On evidence of his two films so far, it’s clear that Vijay Kumar’s a filmmaker who loves his details. This is why the scene leading up to the Paksino gas leak is as patiently executed. Pipes, meters, evaluations, machines, confused workers… you really get a sense of how it may have unravelled — if you’re into that sort of thing. You see this detailing in another scene too: the one concerning the final moments of Lenin’s friend. How he gets to a hospital, how the hospital strips him, how they attach the pulse oximeter and the chest leads, how they perform CPR… all of this helps make the loss feel real, the dead human, real.

I quite loved it, considering that deaths so often so easily become statistics after such events. This need for intimacy is also why a lengthy assassination attempt sequence is shot with cameras at shoulder-level, and up and close to the characters. When you are really into a film as you were with Uriyadi, this sort of realism really adds to the experience.

There are those little directorial touches too. A man has died, and ominous times are set to arrive. Vijay foreshadows this with an intimate aerial shot of the factory chimney, as he pans past its frightening void.

It reminded me of a lovely touch in Uriyadi, when he confirms the girl’s interest in Lenin, by showing the colourless liquid in the beaker he holds, turn pink. In Uriyadi 2 though, the romantic angle — the girl’s given a job though, thank god — doesn’t seem half as inspired, or half as well integrated.
Individual moments in Uriyadi 2 seem memorable, but they don’t quite come together as they should.

There’s a caste angle to the girl’s relationship with Lenin, and her mother warns her of dire consequences. I loved that the girl throws her a steady stare of deep condescension, which says so much more than anything she could have put in words. There’s a powerful scene of a policemen beckoning Lenin disrespectfully, and he responds in kind.
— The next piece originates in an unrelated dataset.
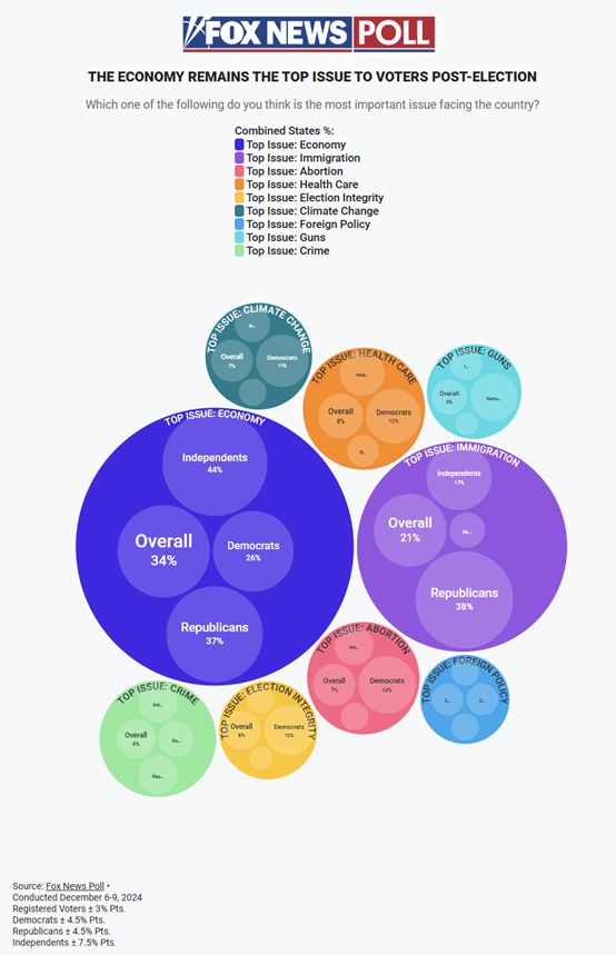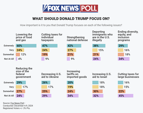 经济问题仍是选民最为关心的首要议题(34%),移民和边境安全次之(21%),医疗保健位居第三(8%)。此外,约60%的受访者认为,特朗普应重点关注削减食品和汽油价格,这一议题被视为“极其”重要。个人减税(47%)和加强国防(42%)则分别位列其后。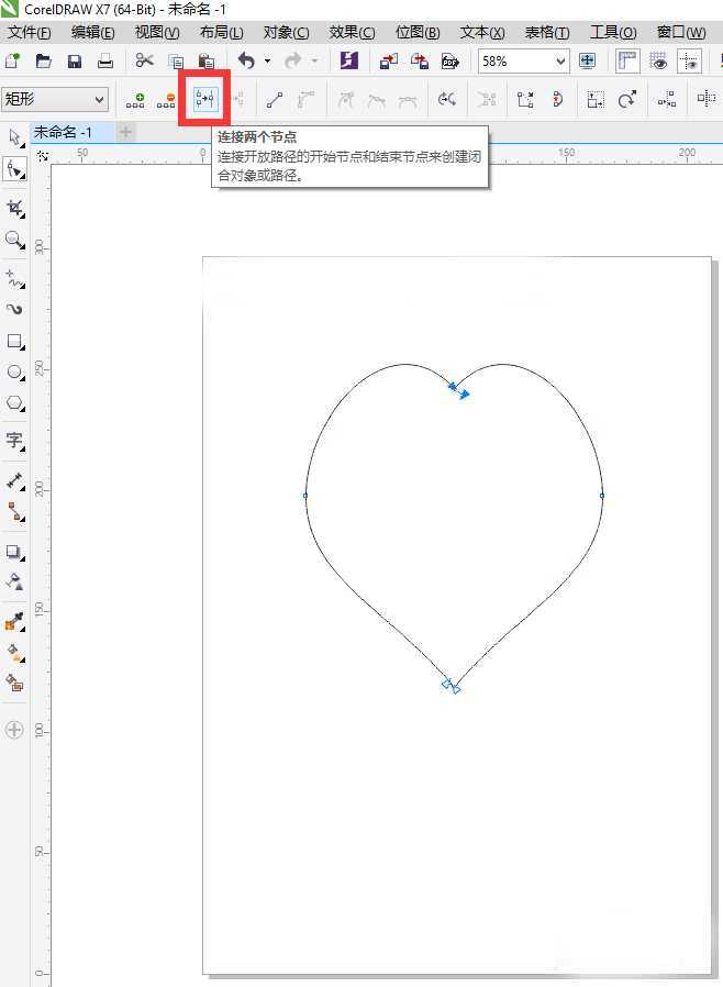 5、选中所有图形,选择属性栏中的合并;合并后,在选择工具箱中的形状工具,选中节点,点击属性栏中的连接两个节点。连接后填充颜色,左键单击右边的颜色填充红色,右键单击右边的颜色描边黄色。

But there aren’t a whole lot of them.

What I loved consistently in this film though is Govind Vasantha’s music. His background score stands out, especially in one lengthy sequence leading up to the gas leak. The music — like in the Interstellar waves scene — rises to a crescendo, eventually drowning out all the voices.

The biggest problem in this film which painstakingly tries to set up the stakes, is that there’s no real memorable payback. The excitement at the end is too little, too fleeting.

There’s no question over the importance of an anti-establishment film such as this, but you can’t shake off the notion that Vijay Kumar has held back his punches here.

I don’t know if the pressure of securing a U-certificate hung over him, but hopefully, he won’t hold back with his next. That’s the Vijay Kumar we loved in Uriyadi.